Memory Unit Construction and Task Breakdown
Session-aware semantic units outperform uniform, fixed-length, and shot-based units, validating the importance of content-aware segmentation over simple visual partitioning. Event-level clues facilitate reasoning in diverse task categories (perception, recognition, OCR, information synopsis), though counting and reasoning remain more challenging and may require denser temporal coverage or more sophisticated aggregation.

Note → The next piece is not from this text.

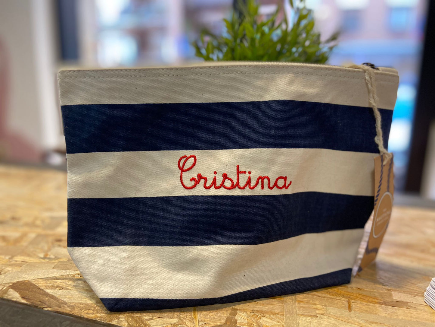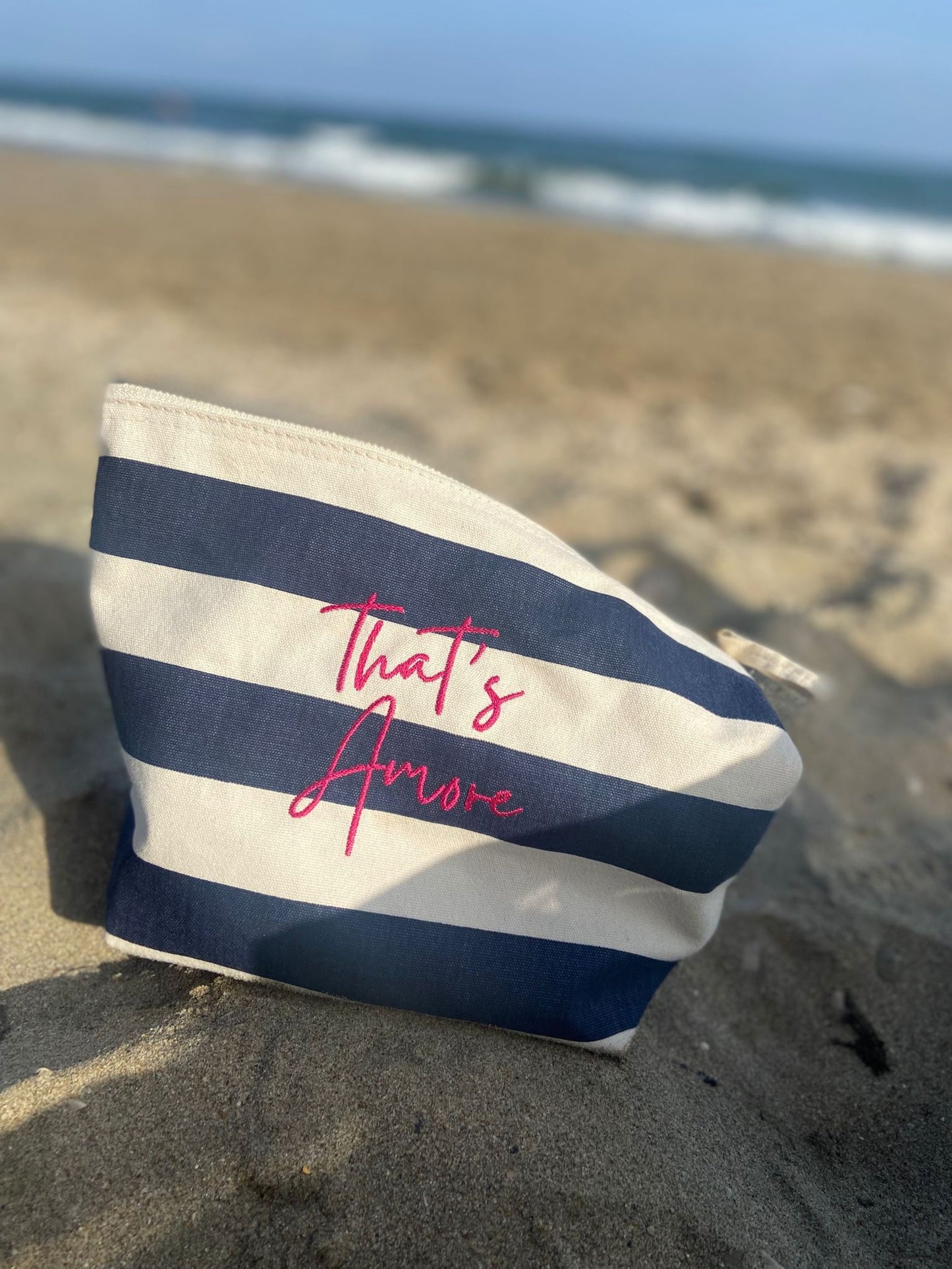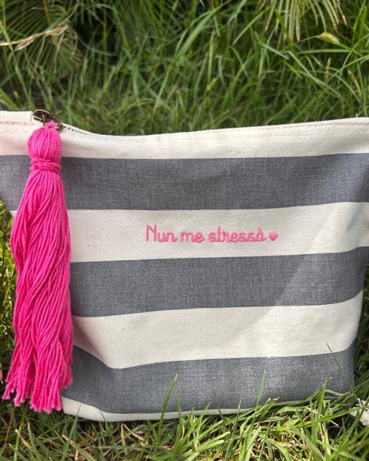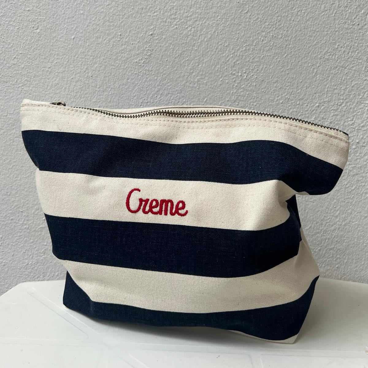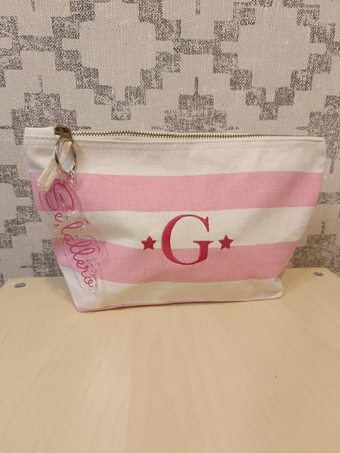 Beauty case in cotone a righe personalizzato.

Adaptive Resolution and Retrieval Ordering
Resolution allocation experiments show that relevance-aware assignment (4 high, 8 mid, 32 low resolution cards) maximizes accuracy by balancing local visual detail and broad event context. Temporal ordering of retrieved cards (restoring chronological sequence) further outperforms strict relevance or random ordering, supporting coherent reasoning across event progression.
Qualitative Visualization: Retrieval and Answering Pipeline
MemoryCardโs session-aware retrieval delivers answer-relevant Memory Cards in multiresolution batches, supporting both fine-grained perception and event-level synthesis for multiple-choice QA.

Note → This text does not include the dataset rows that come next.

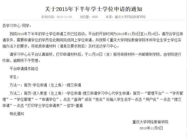 上一篇:关于2015年秋季学期11月份主题语音答疑安排的通知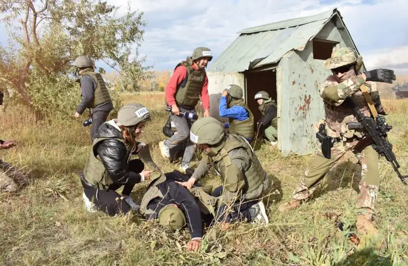 За три насыщенных событиями дня журналисты, операторы и фотокорреспонденты под наблюдением опытных военных инструкторов прошли теоретическую и практическую подготовку к работе в потенциальных зонах вооруженных конфликтов.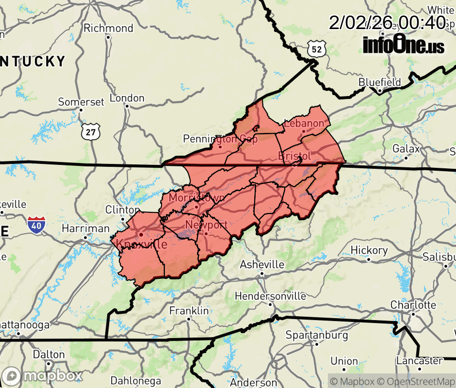 Cold Weather Advisory issued February 2 at 12:39AM EST until February 2 at 9:00AM EST by NWS Morristown TN * WHAT... Very cold temperatures near zero to 5 below zero. Isolated colder readings possible in sheltered valleys. * WHERE... Portions of east Tennessee and southwest Virginia. * WHEN... Until 9 AM EST this morning. * IMPACTS... Frostbite and hypothermia will occur if unprotected skin is exposed to these temperatures. Very cold temperatures can lead to hypothermia with prolonged exposure. ![]() |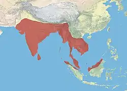 On le trouve dans le sud-est de l'Asie, depuis le Pakistan à l'ouest, jusqu'au sud de la Chine, à Sumatra et sur l'île de Java. Contrairement à sa dénomination spécifique, philippinus, cette espèce ne vit pas dans les Philippines[4]. L'aire de répartition de l'espèce avoisine les 6 340 000 km2 selon BirdLife International[5].

Figure 4: Question-conditioned Memory Card retrieval; visualization includes adaptive resolution and ground-truth highlighting for VLM answering.
Figure 5: Question-conditioned Memory Card retrieval; visualization shows input organization for answering VLM and correct answer annotation.
Implications and Future Directions
MemoryCard advances the long-video QA paradigm by shifting evidence construction from isolated frame selection to multimodal, semantically-coherent event-level clues. It demonstrates robust improvements across state-of-the-art VLMs without task-specific fine-tuning, reinforcing the hypothesis that event-centric memory units are crucial for scalable video language modeling. Future research may focus on optimizing Memory Card construction efficiency (reducing preprocessing cost), enhancing clue density for motion-dynamic questions, and integrating more sophisticated memory aggregation mechanisms to further improve multi-hop and compositional reasoning performance.
Conclusion
MemoryCard proposes the construction and retrieval of explicit, reusable, multimodal evidence units for long-video QA, systematically overcoming the fragmentation and sparsity issues inherent in previous frame-based approaches. The frameworkโs session-aware segmentation, event-level gist rendering, and adaptive resolution allocation substantially improve QA performance across challenging benchmarks. Its design principles lay the foundation for more semantically dense and efficient memory augmentation strategies, with broad implications for future VLM architectures and retrieval-based video reasoning.